FixIt collapses all those tedious error-fixing steps into one. It’s like watching a SQL expert speed-run all your fixes for you. See it in action here:

How does it work?

FixIt uses a large language model (LLM) to generate suggestions; it feeds the error, the query, and additional context into an LLM to generate a new line that fixes the query. Here’s how it works in the UI:

  1. When you encounter a query error in the MotherDuck UI, FixIt generates a simple inline suggestion, which you can accept, reject, or simply ignore
  2. Accepting a FixIt suggestion applies the fix and re-runs the query
  3. You can cancel the suggestion, or ignore it entirely and fix your query yourself

Much like our other AI features, FixIt is powered by a new function, fix_single_line, available to all MotherDuck customers and users of our extension. This table function is a great option for customers and partners building their own editor-driven interfaces on top of DuckDB.
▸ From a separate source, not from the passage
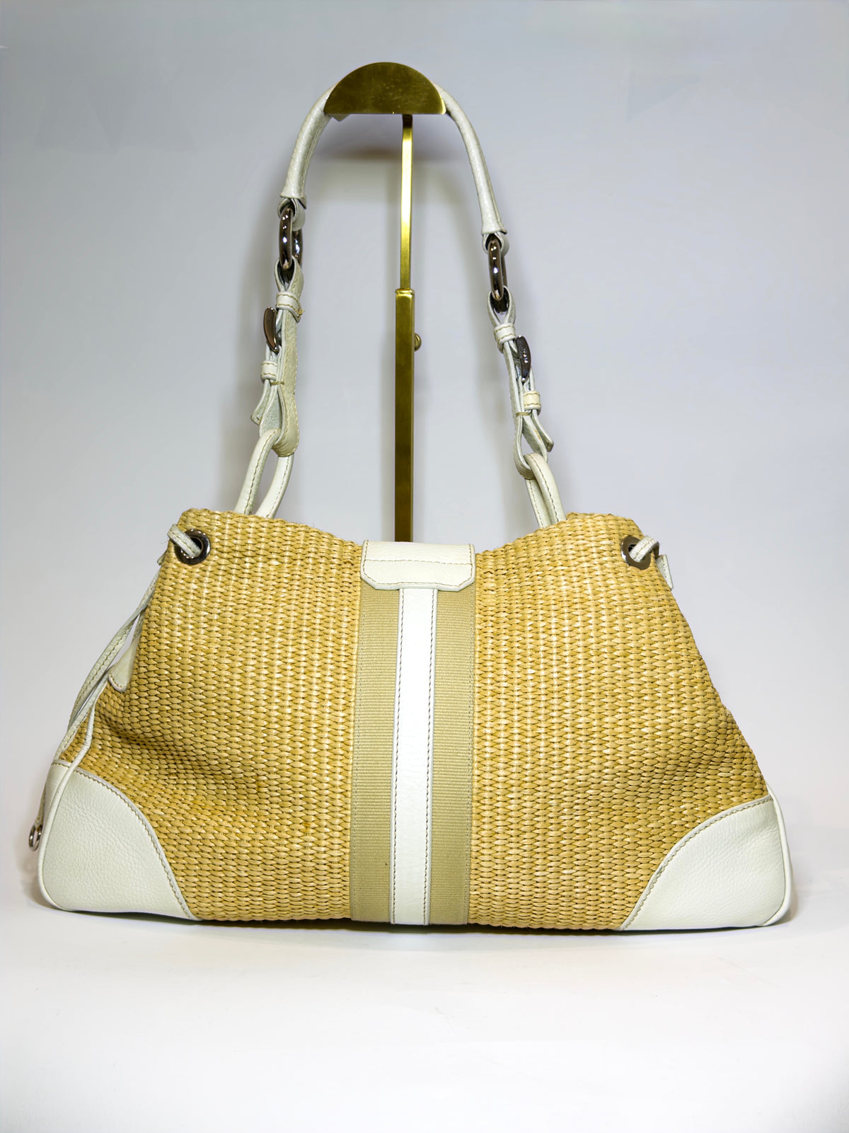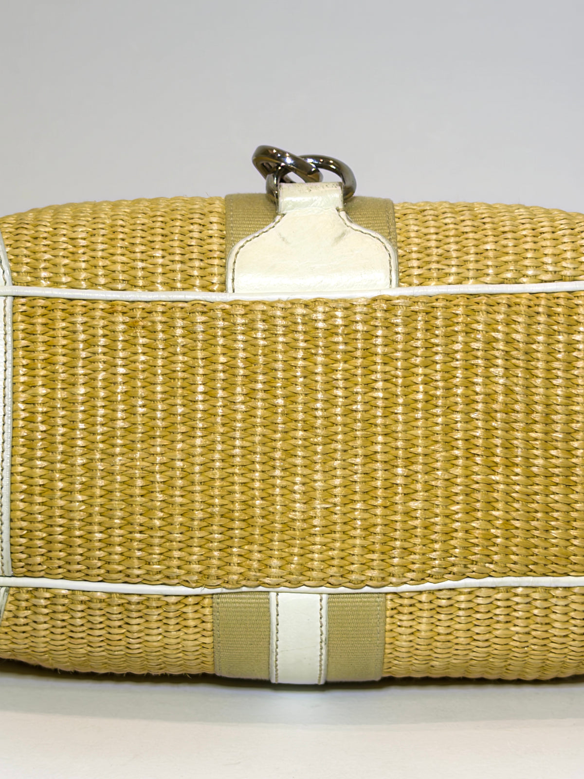 Beige raffia and white leather with string and buckle closure, adjustable shoulder strap.

For MotherDuck UI users, we think FixIt is special for three reasons:

  • It fits within your existing querying workflow
  • It’s pretty fast at generating suggestions
  • The suggestions it gives you are easy to visually inspect

FixIt is a powerful yet non-intrusive improvement to your existing workflow

We’ve all seen incredibly impressive demos of LLMs writing SQL from scratch. FixIt, by contrast, takes a more humble approach. Rather than attempt to fix every possible error in your query in one go, FixIt will only fix whatever line it thinks will resolve your SQL error.
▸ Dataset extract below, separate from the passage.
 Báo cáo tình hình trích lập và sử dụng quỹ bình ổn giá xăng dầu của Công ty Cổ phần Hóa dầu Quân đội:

We think this unreasonable simplicity also makes it unreasonably effective. In truth, the most common SQL errors tend to have simple, one-line fixes. Even if the error requires multiple fixes across several lines, FixIt will still suggest fixes one line at a time, often iterating itself into a functional query. These assumptions enable FixIt to effortlessly correct many common SQL errors like:

  • Parsing strings into timestamps
  • Writing regular expressions and JSON parsing functions
  • Misspelling table and column names
  • Adding GROUP BY ALL or fixing existing GROUP BY statements

To complement FixIt’s simplicity, we designed it to be as non-intrusive as possible. If you type anywhere in the editor while a fix is either being generated or shown, we remove the suggestion. So you can ignore the feature entirely if it isn’t helping. Additionally, if you find that the suggestions are far off-base, you can turn off the feature in the MotherDuck UI under the settings panel.
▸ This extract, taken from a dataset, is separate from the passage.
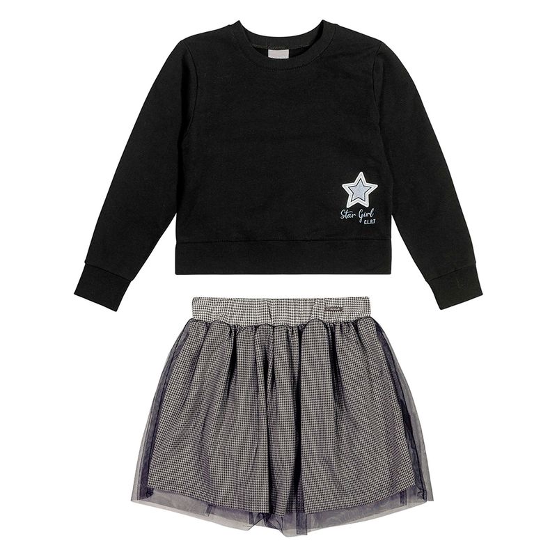 Conjunto Blusão em Molecotton Felpado e Saia em Malha Fio Tinto Acetinado e Tule Juvenil Coloritta 75025

Of course, FixIt does not do well in cases where your query is fundamentally wrong, and the SQL you’ve written doesn’t give it enough clues to iteratively fix its way to a solution. FixIt is a feature designed for people that more-or-less know enough SQL to make a mostly-coherent query. Think of it as “lane assist” on a car. You still need your hands on the wheel.

FixIt is fast

Because FixIt excels at simple one-line fixes, it only needs to generate one line of SQL at a time. This tends to be pretty fast! When a suggestion shows up quickly, it is more likely to match your natural working tempo. And when it matches your tempo, it is more likely to be integrated into your workflow.

We only figured this out after first prototyping the wrong approach – completely regenerating a new query from scratch – which resulted in three problems:

  1. Since the LLM has to rewrite the query token-by-token, you end up waiting too long just to receive a simple fix – around 5-10 seconds for toy queries.
  2. The latency increases linearly with the size of the query, making this approach impractical for real-world work, where queries are hundreds of lines long.
  3. The LLM might also get most of the query right, but occasionally take creative liberties with the formatting or semantics of the rest of the query, making it hard to display only the relevant changes.

It felt like watching a human manually rewrite a new version of your query start-to-finish while trying to keep the 95% of the old query that was working. Impressive to see in isolation, but not a great user experience in practice.

We then tried the next-obvious approach – generating only the line number and the fixed line for the given error. In our tests, we found that this reduced the total query time down to 1-3 sec for most cases and gave the LLM fewer opportunities to unhelpfully steer the unbroken parts of a query into a worse direction.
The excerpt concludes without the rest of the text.